An ambitious mix of aims. However, in general terms, this echoed Scarbett’s observation that the UK’s Civil Aviation Authority (CAA) is not inhibiting innovation in future flight technologies deliberately (if at all), or out of innate conservatism. It is more that it is overwhelmed by its workload – an organization understaffed and underfunded for the new world in which it finds itself. As a result, it errs on the side of caution. 

I would add that we should be grateful for that caution, given that traditional aviation is currently still the safest form of transport. An aerial Wild West is best avoided, if it puts at risk lives in the air and on the ground, not to mention adds an intolerable burden to people’s quality of life in cities.

Walker explained:

Drones pose a regulatory challenge because they're agile, accessible, affordable, adaptable, and anonymous. And I'm going to add a sixth ‘A’ to that in terms of the solution, and that is [the need for] accountability. 

The cure for all these ills is accountability. What we need with drones is a clear enforcement network with clear accountability.

He added: 

Although a just culture tends to avoid apportioning criminal liability in the early stages, we do need a clear mechanism for that in relation to drones. 

At the moment you can prosecute drone safety issues under some other legislation, but going forward we would need more detail about how you could prosecute and apportion liability, both corporate and individual, in relation to the use of drones. 

I also think it's important to have individual criminal liability as a tool in the regulatory toolkit, reserved for the most serious incidents. My experience of working with companies, and with individual directors, is that this focuses the minds of those in industry – that they could, potentially, be individually liable if things go wrong.

Overall, that improves the working culture, and it drives the safety culture forward, as well as improving public perception. All of which goes to that sixth ‘A’ that I mentioned, accountability. When you have a new industry that is accountable, it helps both internally and in terms of the external perception.
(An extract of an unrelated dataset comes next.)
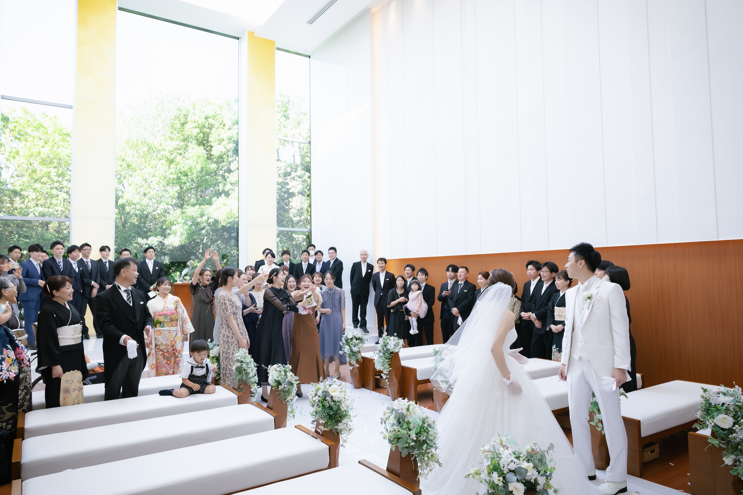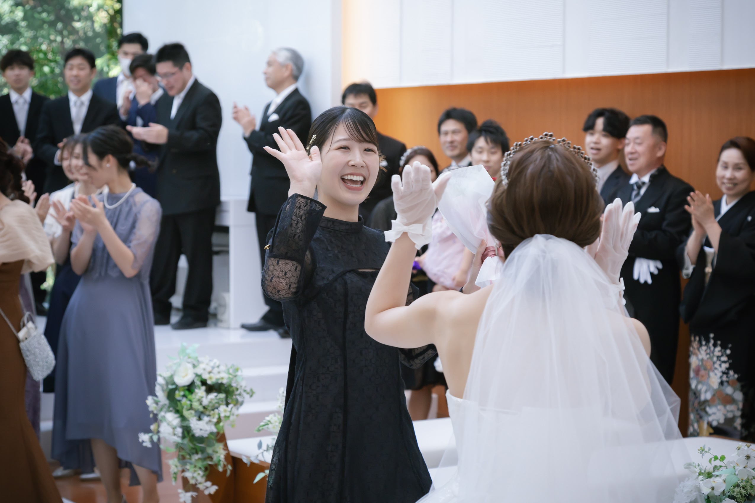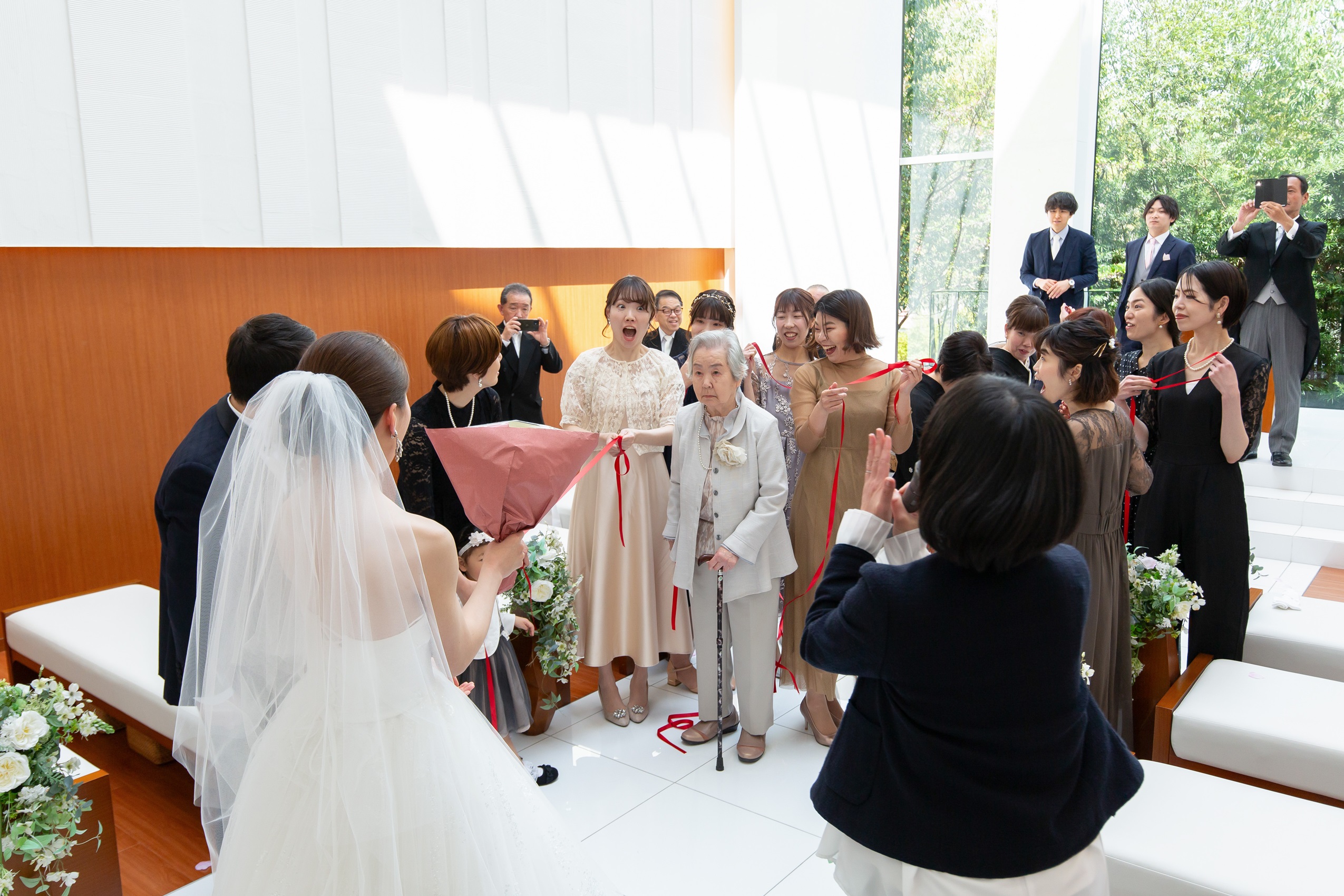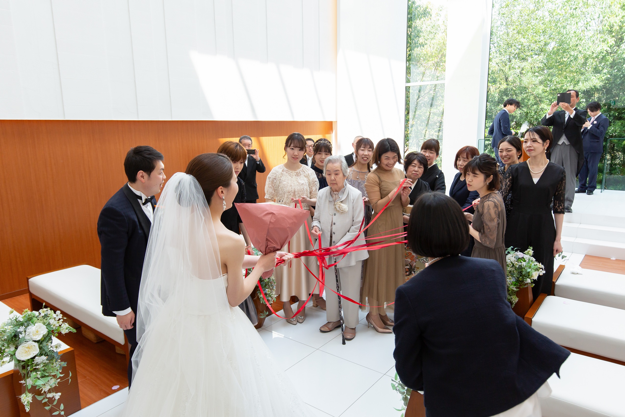 ブーケトスを行うことができ、雨天時でも安心して行うことができます。

Outcome focused regulation

So, what of the view expressed in some quarters that critics of drone innovators’ wilder flights of fancy are just Luddites and stick-in-the-muds opposed to technology change? He said:

Not all opposition to technical developments is anti-technology! It can be very nuanced. People will oppose certain technologies because they don't believe the risk, or the cost, is worth tolerating in terms of the overall objective.

That is certainly the case when it comes to opposition to last-mile drone deliveries, for example. Walker continued:

So – whichever side of the fence we are on – I think it's important that we don't typecast our opponents as simple-minded. That we actually listen to what they have to say.
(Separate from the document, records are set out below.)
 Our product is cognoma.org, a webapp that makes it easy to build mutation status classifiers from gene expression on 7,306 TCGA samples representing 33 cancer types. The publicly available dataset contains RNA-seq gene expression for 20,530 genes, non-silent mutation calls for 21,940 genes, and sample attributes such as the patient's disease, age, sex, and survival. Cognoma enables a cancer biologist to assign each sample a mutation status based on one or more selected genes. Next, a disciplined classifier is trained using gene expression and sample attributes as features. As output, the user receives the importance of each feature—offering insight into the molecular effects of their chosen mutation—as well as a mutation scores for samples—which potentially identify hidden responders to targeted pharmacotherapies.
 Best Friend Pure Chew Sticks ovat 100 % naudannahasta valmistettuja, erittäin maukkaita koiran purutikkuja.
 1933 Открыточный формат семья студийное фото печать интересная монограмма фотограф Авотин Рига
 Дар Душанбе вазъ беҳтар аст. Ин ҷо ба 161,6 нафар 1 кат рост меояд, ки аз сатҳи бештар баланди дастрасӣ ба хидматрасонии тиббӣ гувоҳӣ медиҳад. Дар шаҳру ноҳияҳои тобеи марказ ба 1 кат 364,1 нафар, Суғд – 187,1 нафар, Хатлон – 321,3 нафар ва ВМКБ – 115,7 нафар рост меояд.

Quite right, which brings us back to the regulators’ role in all this. In general terms, there are two approaches, he noted:

One is prescription-based regulation, which is very much directive: ‘Do it this way, or that way’. And it is often regarded as the best for safety-critical areas where there are very well-known technical standards. 

However, the other objective – which is ‘soft law’, if you like – is more outcome focused, where you look at the overall objective. For example, by saying that you need to reduce the risk as low as is reasonably practicable. And for something like drone development, this second approach is perhaps more flexible.

But that would not mean taking a more relaxed, laissez-faire view of the sector, he explained. Quite the opposite:

In order to support that, you need the development of a strong industry, a strong safety culture, and strong industry associations. And you need the development of guidance to inform stakeholders where they're going. 

So, ultimately, the starting point for all this is in the industry itself. Excuse the pun, but to really get [drone innovation] off the ground, you need the development of a drone safety culture, and a drone just culture. And that would make the life of the regulators easier.

My take

Wise words. So, if drone innovators want regulators’ support, then they need to act more responsibly, transparently, and with accountability from the get-go, and not blame others for failing to greenlight ideas that, in some cases, are frankly not worth the risk in the first place.